• Records for the task:

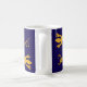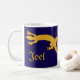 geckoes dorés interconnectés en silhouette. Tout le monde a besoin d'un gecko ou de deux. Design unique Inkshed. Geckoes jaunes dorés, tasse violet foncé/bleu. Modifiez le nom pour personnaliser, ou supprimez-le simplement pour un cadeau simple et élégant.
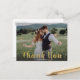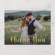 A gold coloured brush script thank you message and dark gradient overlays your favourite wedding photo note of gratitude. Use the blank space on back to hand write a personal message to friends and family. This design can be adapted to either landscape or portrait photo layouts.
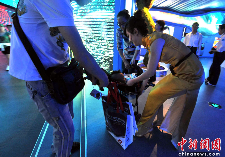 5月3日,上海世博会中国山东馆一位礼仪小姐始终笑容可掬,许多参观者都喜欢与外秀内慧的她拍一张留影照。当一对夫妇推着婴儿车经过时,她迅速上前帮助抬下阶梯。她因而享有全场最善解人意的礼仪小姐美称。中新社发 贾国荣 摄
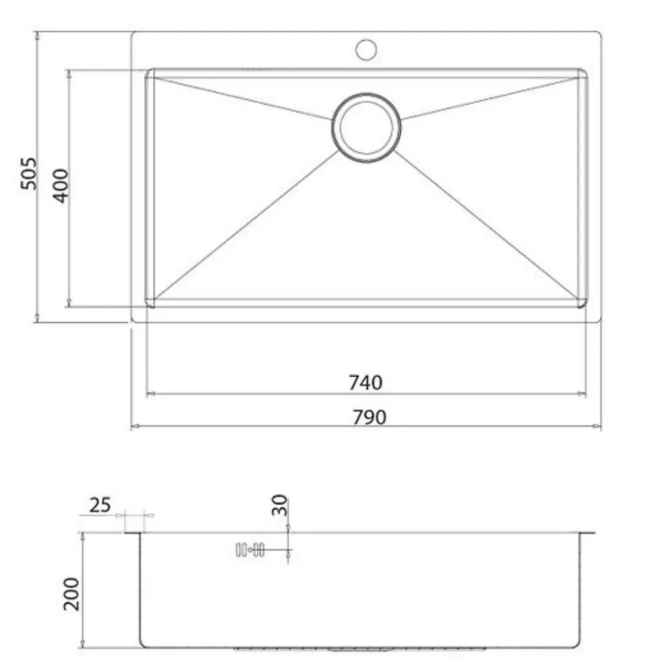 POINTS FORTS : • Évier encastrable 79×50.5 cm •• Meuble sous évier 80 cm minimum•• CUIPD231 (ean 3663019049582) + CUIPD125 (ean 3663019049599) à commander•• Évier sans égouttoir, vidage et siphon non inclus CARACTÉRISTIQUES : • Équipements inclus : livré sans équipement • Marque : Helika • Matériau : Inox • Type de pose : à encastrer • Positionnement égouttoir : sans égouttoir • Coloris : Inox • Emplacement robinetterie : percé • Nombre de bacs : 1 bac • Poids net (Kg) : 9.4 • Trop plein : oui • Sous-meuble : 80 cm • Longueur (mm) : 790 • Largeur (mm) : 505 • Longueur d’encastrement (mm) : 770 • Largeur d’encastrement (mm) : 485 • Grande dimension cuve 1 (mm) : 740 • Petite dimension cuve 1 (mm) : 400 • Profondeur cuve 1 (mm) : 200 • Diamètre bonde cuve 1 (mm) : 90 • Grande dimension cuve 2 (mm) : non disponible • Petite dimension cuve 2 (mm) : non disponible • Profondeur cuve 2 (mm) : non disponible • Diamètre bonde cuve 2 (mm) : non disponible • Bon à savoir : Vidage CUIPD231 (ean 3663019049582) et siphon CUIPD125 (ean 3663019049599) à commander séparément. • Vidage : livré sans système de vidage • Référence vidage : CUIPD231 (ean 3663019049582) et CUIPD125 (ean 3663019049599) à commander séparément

==

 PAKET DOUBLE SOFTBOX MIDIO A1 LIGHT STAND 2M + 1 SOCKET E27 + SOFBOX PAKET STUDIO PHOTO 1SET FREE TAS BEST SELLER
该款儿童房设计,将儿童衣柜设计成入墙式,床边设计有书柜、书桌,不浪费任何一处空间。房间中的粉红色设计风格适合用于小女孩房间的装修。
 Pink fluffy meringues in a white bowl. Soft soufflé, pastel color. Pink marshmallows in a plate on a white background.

• Directions for this task:
Give again, word for word, every line of the listing above from the one with "该款儿童房设计,将儿童衣柜设" to the one with "Pink fluffy meringues", both inclusive, and nothing beyond them.

• Solved exercise:
该款儿童房设计,将儿童衣柜设计成入墙式,床边设计有书柜、书桌,不浪费任何一处空间。房间中的粉红色设计风格适合用于小女孩房间的装修。
 Pink fluffy meringues in a white bowl. Soft soufflé, pastel color. Pink marshmallows in a plate on a white background.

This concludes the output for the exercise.